» **Work order**:
In the data below, locate the line containing "Bring the heat" and the line containing "1. ねぎは小口切り、大葉は", then retype both and everything between them exactly. Pictures are not part of the copy.
━━━━━ Source information ━━━━━
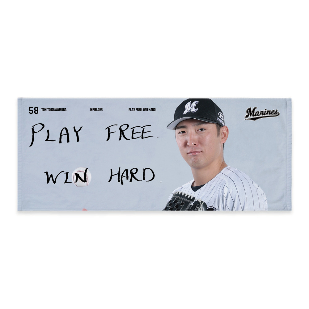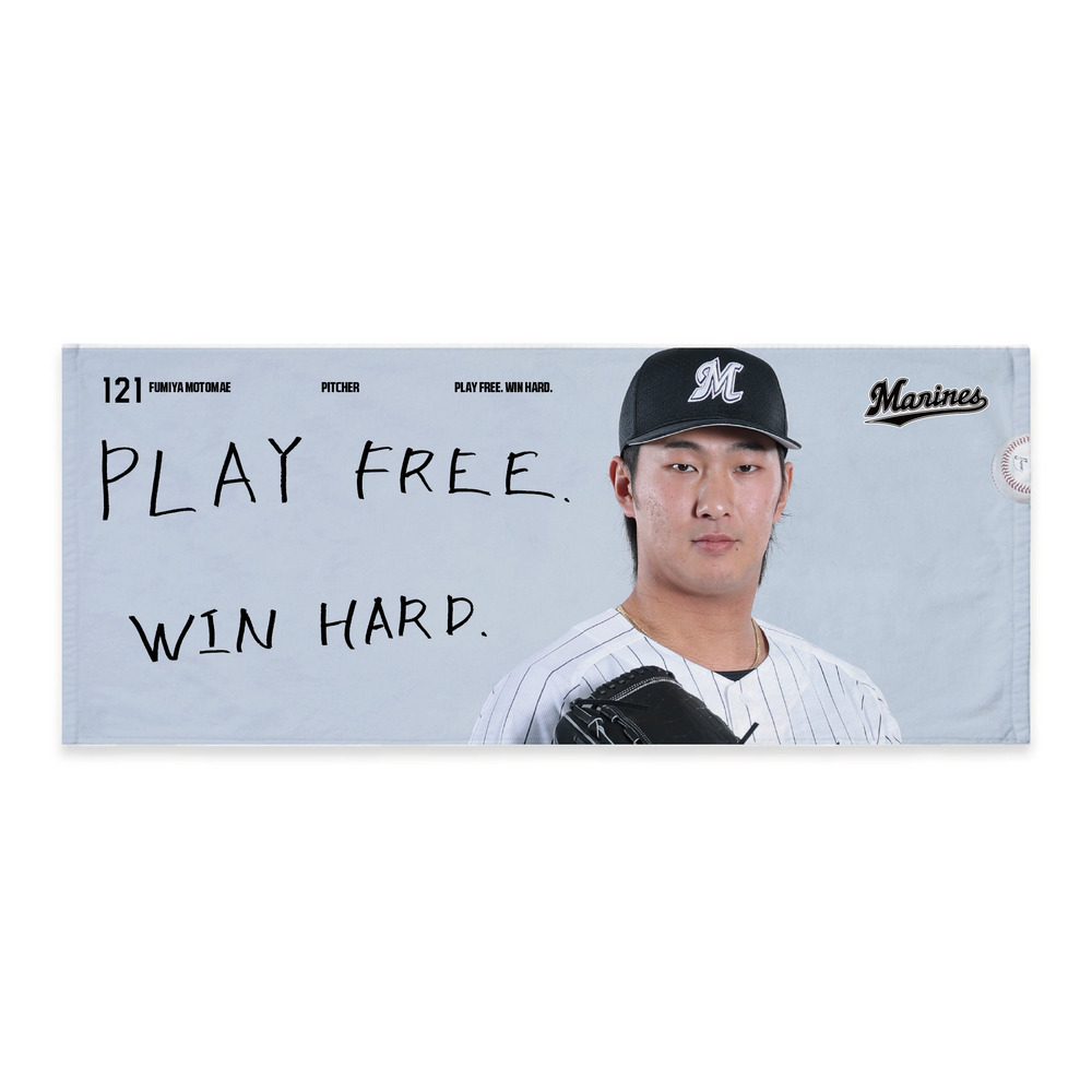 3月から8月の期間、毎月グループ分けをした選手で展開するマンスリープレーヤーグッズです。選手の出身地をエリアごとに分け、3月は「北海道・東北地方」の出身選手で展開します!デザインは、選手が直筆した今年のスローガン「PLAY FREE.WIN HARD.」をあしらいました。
━━━━━
━━━━━ Source information ━━━━━
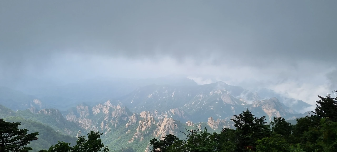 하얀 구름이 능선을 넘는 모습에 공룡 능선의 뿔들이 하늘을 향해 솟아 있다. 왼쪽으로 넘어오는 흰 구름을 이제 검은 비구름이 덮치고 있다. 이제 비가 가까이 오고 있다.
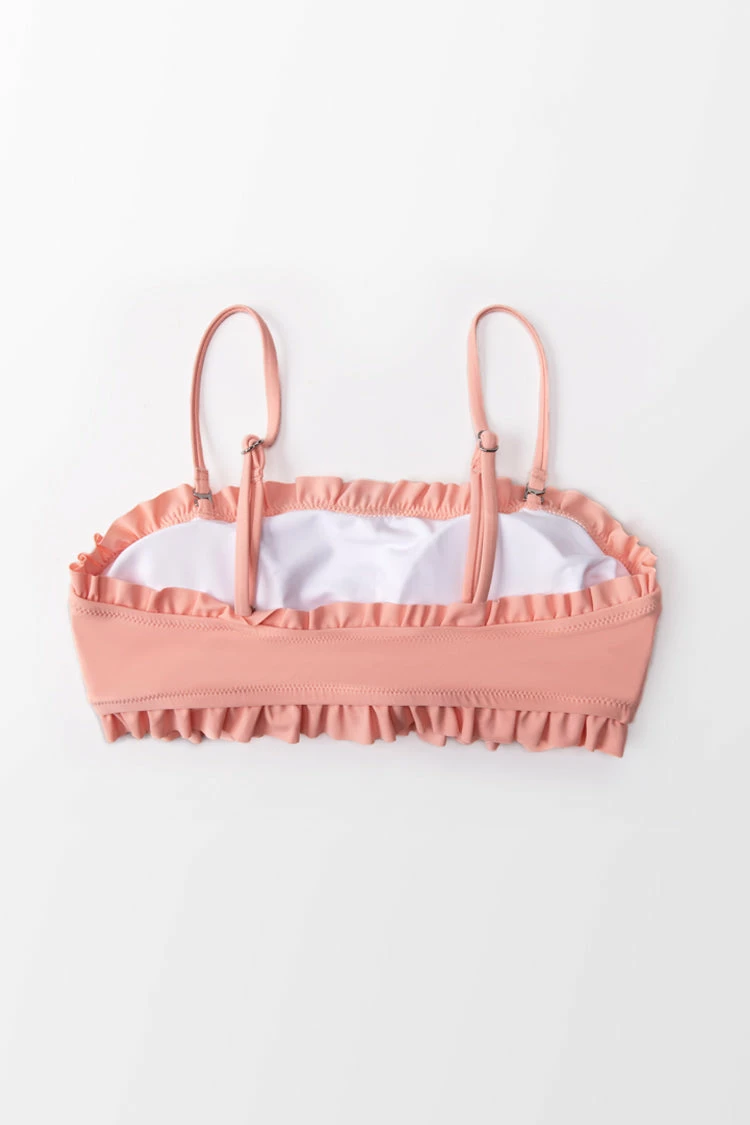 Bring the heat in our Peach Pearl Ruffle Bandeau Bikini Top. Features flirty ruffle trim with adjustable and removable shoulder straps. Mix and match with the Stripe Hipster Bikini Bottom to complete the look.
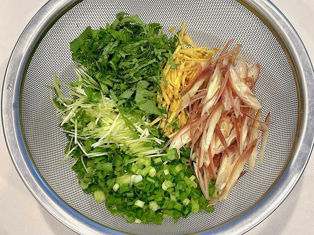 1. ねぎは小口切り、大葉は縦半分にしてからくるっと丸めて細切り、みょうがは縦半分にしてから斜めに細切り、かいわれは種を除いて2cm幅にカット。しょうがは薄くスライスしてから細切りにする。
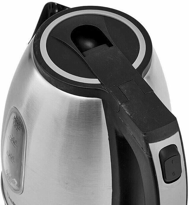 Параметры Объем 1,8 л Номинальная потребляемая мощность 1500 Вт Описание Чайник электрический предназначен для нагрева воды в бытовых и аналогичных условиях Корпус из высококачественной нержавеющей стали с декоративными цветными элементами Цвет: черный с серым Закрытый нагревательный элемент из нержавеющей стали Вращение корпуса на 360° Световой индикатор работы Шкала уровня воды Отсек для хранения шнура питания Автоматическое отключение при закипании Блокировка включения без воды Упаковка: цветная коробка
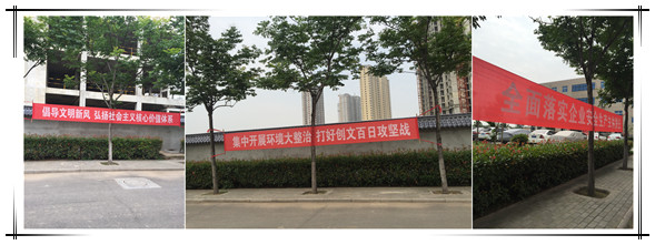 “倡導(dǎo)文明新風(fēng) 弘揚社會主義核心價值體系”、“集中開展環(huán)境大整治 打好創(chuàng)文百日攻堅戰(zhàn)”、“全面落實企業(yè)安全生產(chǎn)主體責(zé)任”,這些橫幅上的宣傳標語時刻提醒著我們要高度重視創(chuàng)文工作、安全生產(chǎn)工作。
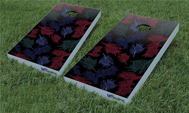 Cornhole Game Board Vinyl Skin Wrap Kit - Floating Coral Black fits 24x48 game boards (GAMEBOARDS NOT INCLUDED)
━━━━━
» **Task answer**:
 Bring the heat in our Peach Pearl Ruffle Bandeau Bikini Top. Features flirty ruffle trim with adjustable and removable shoulder straps. Mix and match with the Stripe Hipster Bikini Bottom to complete the look.
 1. ねぎは小口切り、大葉は縦半分にしてからくるっと丸めて細切り、みょうがは縦半分にしてから斜めに細切り、かいわれは種を除いて2cm幅にカット。しょうがは薄くスライスしてから細切りにする。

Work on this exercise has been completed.